私の目の前に海が広がります。天気は良いのですが、風が強く、波は荒々しく岸壁にぶつかります。波が黒い岩にぶつかる度に、白い泡が弾けていきます。風に混じった潮水がバイパスまで運ばれて来ました。窓ガラスに張り付き、とても小さな水滴を沢山作ります。


「とんだ天気だ」


 運転する男性が言いました。ですが、この風の向こう側はとても静かに見えます。沖の景色もゆっくりしていて、穏やかでした。



 早朝の電話の後、男性は私を車に運びます。


「さあ、行こうか」


 それからずっと、私は助手席に座り、男性の運転する大きな車で移動中です。



「疲れた?」


 男性が私の太腿に手を載せました。ワイドパンツの生地越しに、男性の手の平が動きます。私は何も言いません。


「疲れたよね、此処まで走り通しだから」


 付け根の辺りで男性の手が止まります。


「なら、この先のサービスエリアで休もうか。快晴時はオーシャンビューが素晴らしくて、人気のエリアさ。あいにくの天気だけれど、それも一興ってね」


 それから二撫でして、男性は離れました。そのままパネルを操作して、到着時間を表示します。

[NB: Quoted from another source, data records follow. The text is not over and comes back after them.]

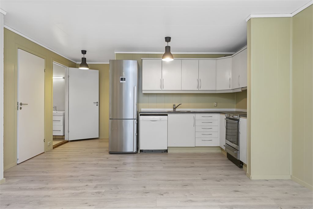 Alle integrerte hvitevarer (herunder eventuell oppvaskmaskin om det står i boligen på visningstidspunkt) på kjøkken følger med i handelen. Øvrige hvitevarer medfølger ikke dersom ikke det blir avtalt. Medfølgende hvitevarer følger i den stand de er på visning og gir ikke reklamasjonsgrunnlag.Adkomst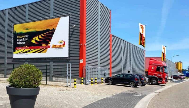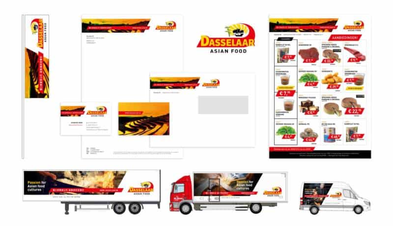 De kenmerkende rood/gele uitstraling en foto’s zijn doorgevoerd in alle uitingen zoals website, drukwerk en signing aan het pand en vrachtwagens. Dasselaar Asian Food is een merk geworden!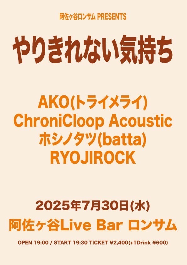 TITLE 阿佐ヶ谷ロンサム presents 『やりきれない気持ち』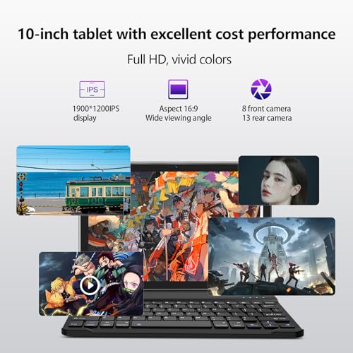 - 【16GBRAM + 128GB ROM + 1TB Expand】:The Android tablet has 16GB ( 8GB Physical + Expanded 8GB Virtual ) RAM for smooth multitasking, 128GB ROM internal storage and expandable storage up to 1TBWhich makes it can stores a large number of e-books, movies,music, photos, games, files and more apps. It is Google GMS certificated, you can download your favorite APPS from Google Play Store such as Netflix,Tik Tok ,Facebook, Twitter, YouTube,etc. Forget storage worries, enjoy your tablet to the fullest with more multimedia and efficiency.Whether you are working, studying, or entertaining, this tablet with keyboard can meet all your needs.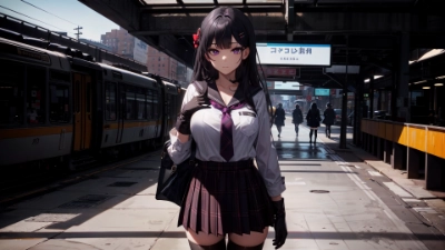 ( overcoat,school uniform, long sleeves, impossible clothes),(plaid skirt,black thighhighs),( red necktie, sailor collar,plaid scarf,leather gloves, hair ornament, green armband),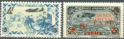 Выпуски Свободной Франции в Леванте. В 1942 на тер. Сирии и Ливана, занятых войсками Свободной Франции, в обращение поступили марки Сирии и Ливана с надпечатками лотарингского креста, нового номинала и текста (франц.) «Войска Свободной Франции. Левант» и «Авиалинии Военно-Воздушных сил Свободной Франции». Позднее вып. марки и блок с теми же надписями. В 1943 на марках 4 номиналов (по 2 почт. и авиапочт.) сделана надпечатка слова (франц.) «Сопротивление» и дополнительного номинала. Они продавались в качестве почт.-благотворительных марок в пользу бойцов Движения Сопротивления.

「此処からだと、だいだい15分だね。そうだ、ソコは“しらす丼”が有名だから、食べてみるかい?」


 男性はハンドルを握り直します。


「丁度、ランチタイムだ」


 ぐん、とスピードが上がりました。“260”まで刻むメーターの針が見る見る上ります。車は風よりも荒々しく進みます。


「先日、しらす漁が解禁になったんだ。旅先での味は思い出になるからね。記念として食べてみようよ」


 私の目には海が映っています。遠くはとても穏やかに見えます。それでも車に当たる潮風はとても強いです。車はそれを散り散りにして走ります。


 

 本線を逸れて、ぐるりと辿り着いたサービスエリアは、中くらいの広さでした。車線より低く造られた駐車場には、車が6台みえました。男性の車は7台目として停車します。

 男性はショップ近くの駐車スペースに停車しました。途端に、ドアを開けます。


「すこし、待っていて」


 そう言って、男性が外に出ました。風に押されて、ドアが勢いよく閉まります。残された私は動かずにいます。暫くして、車のアイドリングが自動的に止まりました。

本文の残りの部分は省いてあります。